All that is wanted is the exact lines from the one with "- Faites cuire" through the last line of the entries, with both ends kept and every picture left out.

○ ○ ○ ○ ○

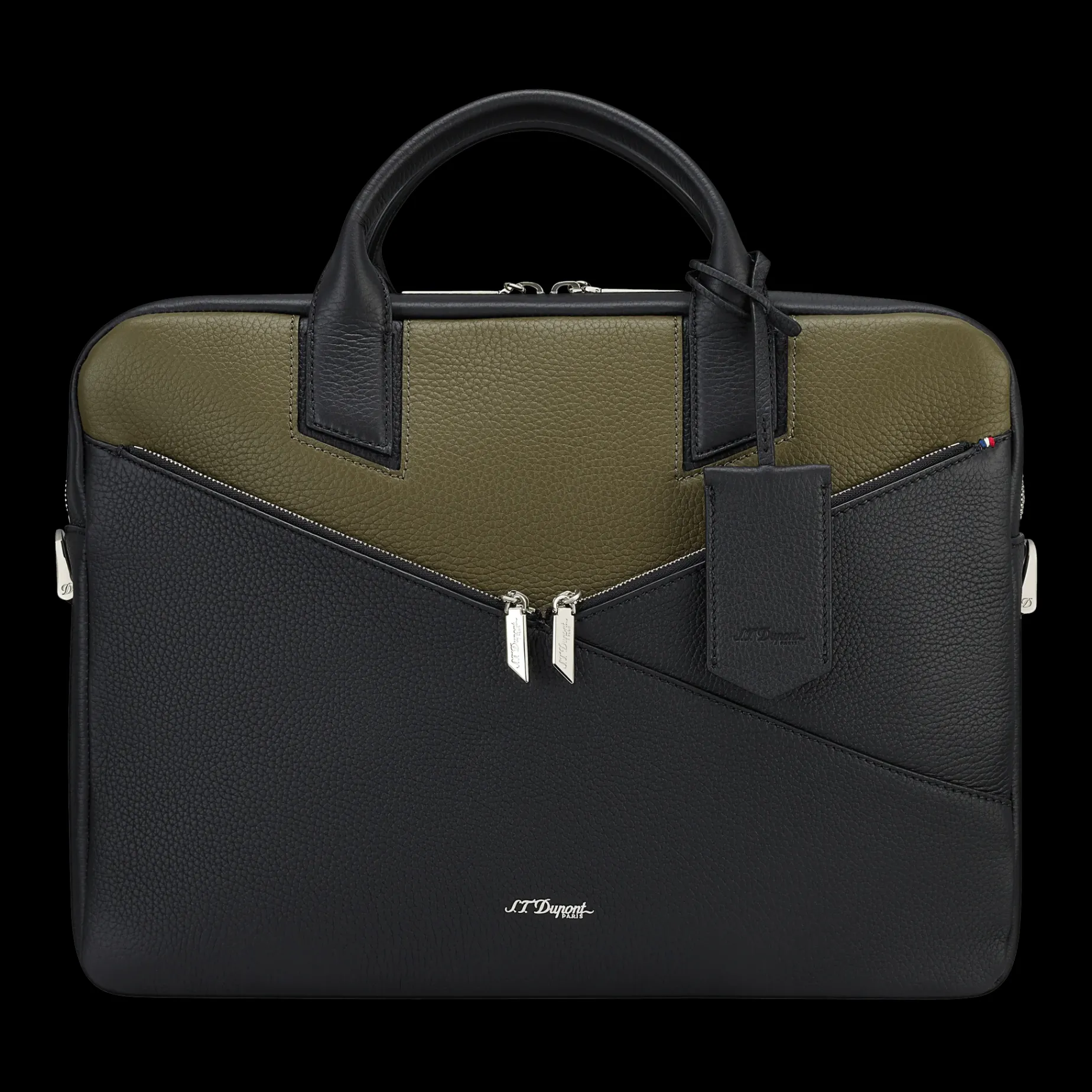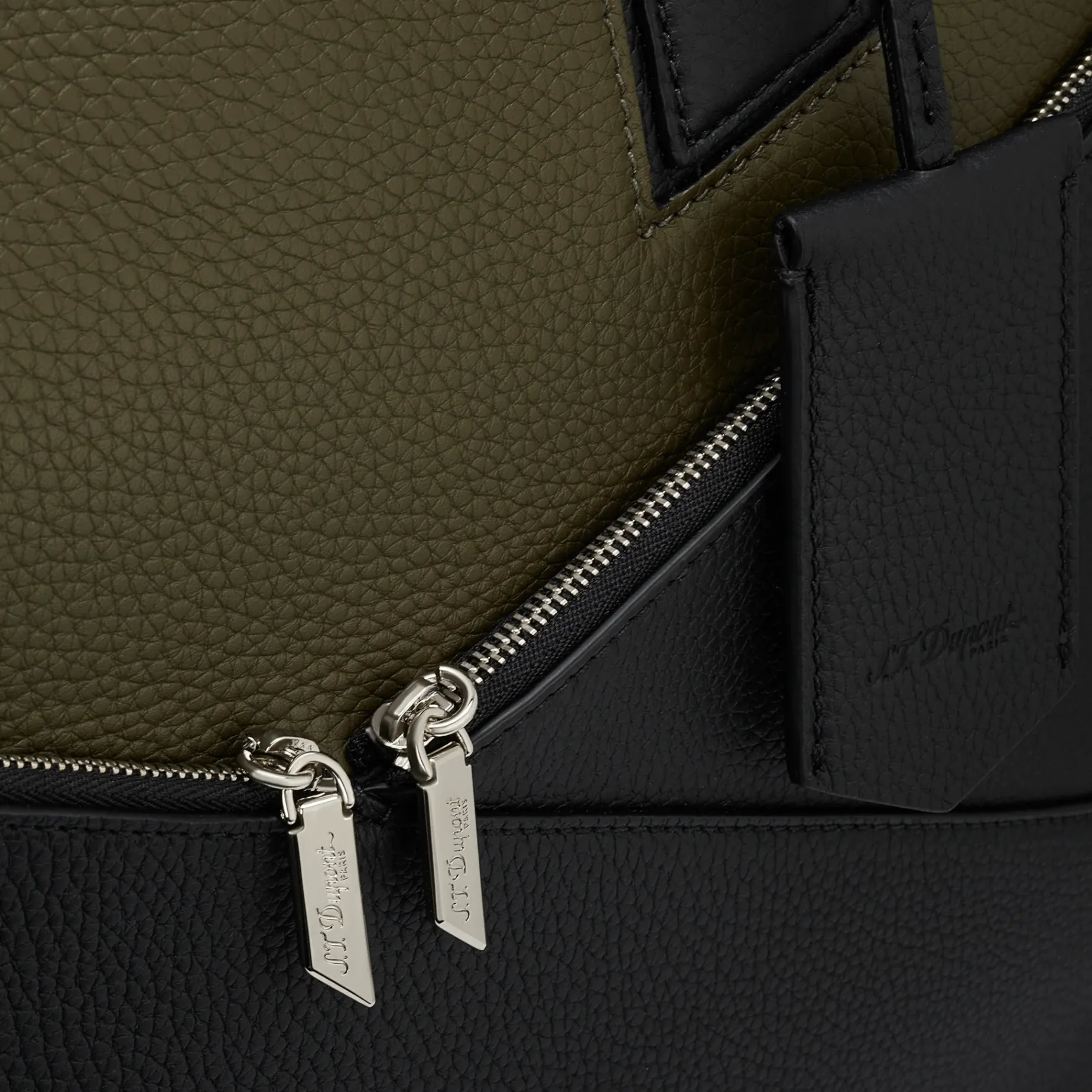 Neo Capsule Document Holder. Grained bicolor calf leather in khaki green and black. Spacious interior: it can hold A4 documents, an iPad or a laptop, as well as a multitude of other items. All products from the grained Neo Capsule collection are LWG certified.
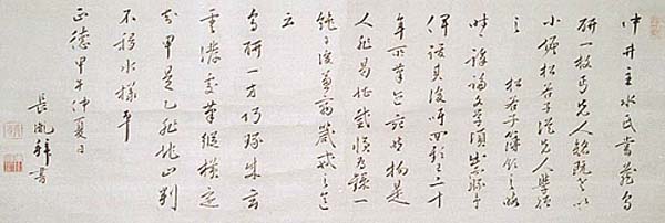紙本肉筆・・縦30cm、横74cm 「正徳甲午(四年・1714)仲夏日 長胤拜書」の横に、陽刻の「長胤」と陰刻の「東涯」の落款 が押されている。伊藤東涯は京の人で、名は長胤、字は原蔵・元造、号を東涯・慥慥斎などと 称し、京の大儒者伊藤仁斎の長子で、家学を受け継ぎ義古堂で講説に従事した儒者である。 本品は、「烏研小序併詩」と題された、黒色硯に関する小文と七絶詩が書かれているが、これ と同じ詩文が東涯の文集である、『紹述先生文集』卷二十八の七言絶句詩の所に、「烏硯詩」 と題して収められている。 |
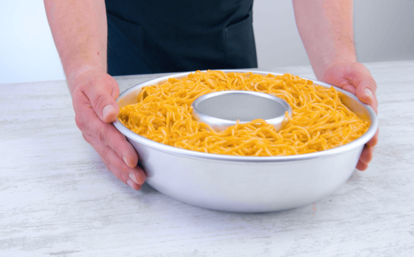 - Faites cuire les spaghettis, égouttez-les et laissez-les refroidir (en ajoutant un peu d'huile, vous éviterez que les pâtes ne collent). Mettez les spaghettis dans un saladier et ajoutez les œufs, le parmesan, la mozzarella et environ 3/4 de la sauce tomate. Mélangez bien le tout et versez la masse dans un moule à savarin. Appuyez un peu sur la masse et mettez le moule au four préchauffé à 180 °C pendant 30 minutes.
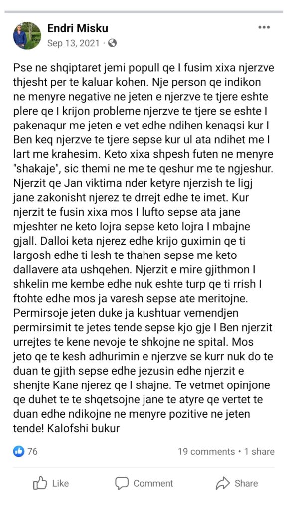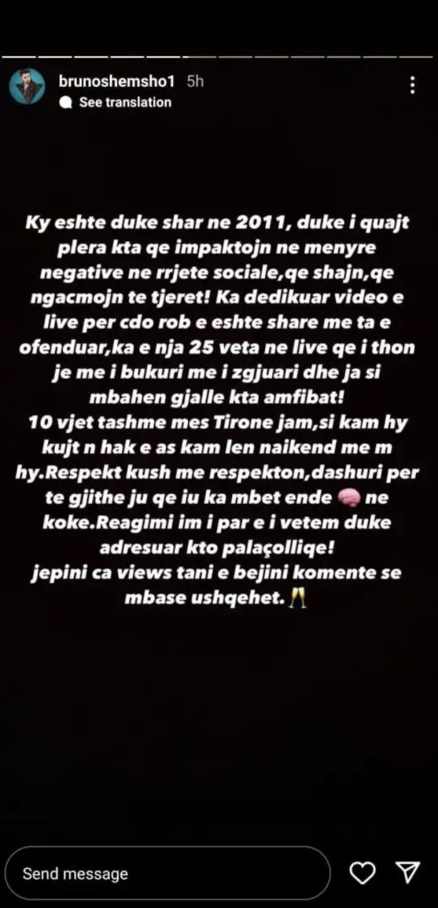 “Ky është duke shar që në, duke i quajtur plehra këta që impaktojnë në mënyrë negative në rrjetet sociale, që shajnë, që ngacmojnë të tjerët. Ka dedikuar live e për çdo rob është share me ta dhe është ofenduar, ka e nja 25 nja veta live që thonë se je më i bukuri dhe me i zgjuari dhe ja si mbahen gjallë këta amfiba!
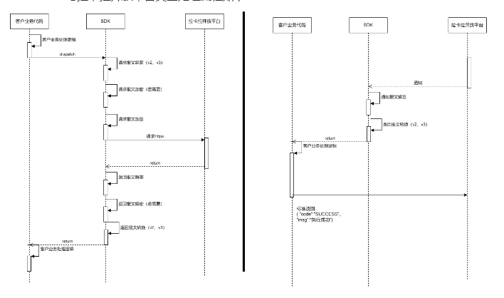 Lakala SDK與拉卡拉開放平臺交互處理流程如下:

○ ○ ○ ○ ○

ANSWER BELOW
 - Faites cuire les spaghettis, égouttez-les et laissez-les refroidir (en ajoutant un peu d'huile, vous éviterez que les pâtes ne collent). Mettez les spaghettis dans un saladier et ajoutez les œufs, le parmesan, la mozzarella et environ 3/4 de la sauce tomate. Mélangez bien le tout et versez la masse dans un moule à savarin. Appuyez un peu sur la masse et mettez le moule au four préchauffé à 180 °C pendant 30 minutes.
 “Ky është duke shar që në, duke i quajtur plehra këta që impaktojnë në mënyrë negative në rrjetet sociale, që shajnë, që ngacmojnë të tjerët. Ka dedikuar live e për çdo rob është share me ta dhe është ofenduar, ka e nja 25 nja veta live që thonë se je më i bukuri dhe me i zgjuari dhe ja si mbahen gjallë këta amfiba!
 Lakala SDK與拉卡拉開放平臺交互處理流程如下:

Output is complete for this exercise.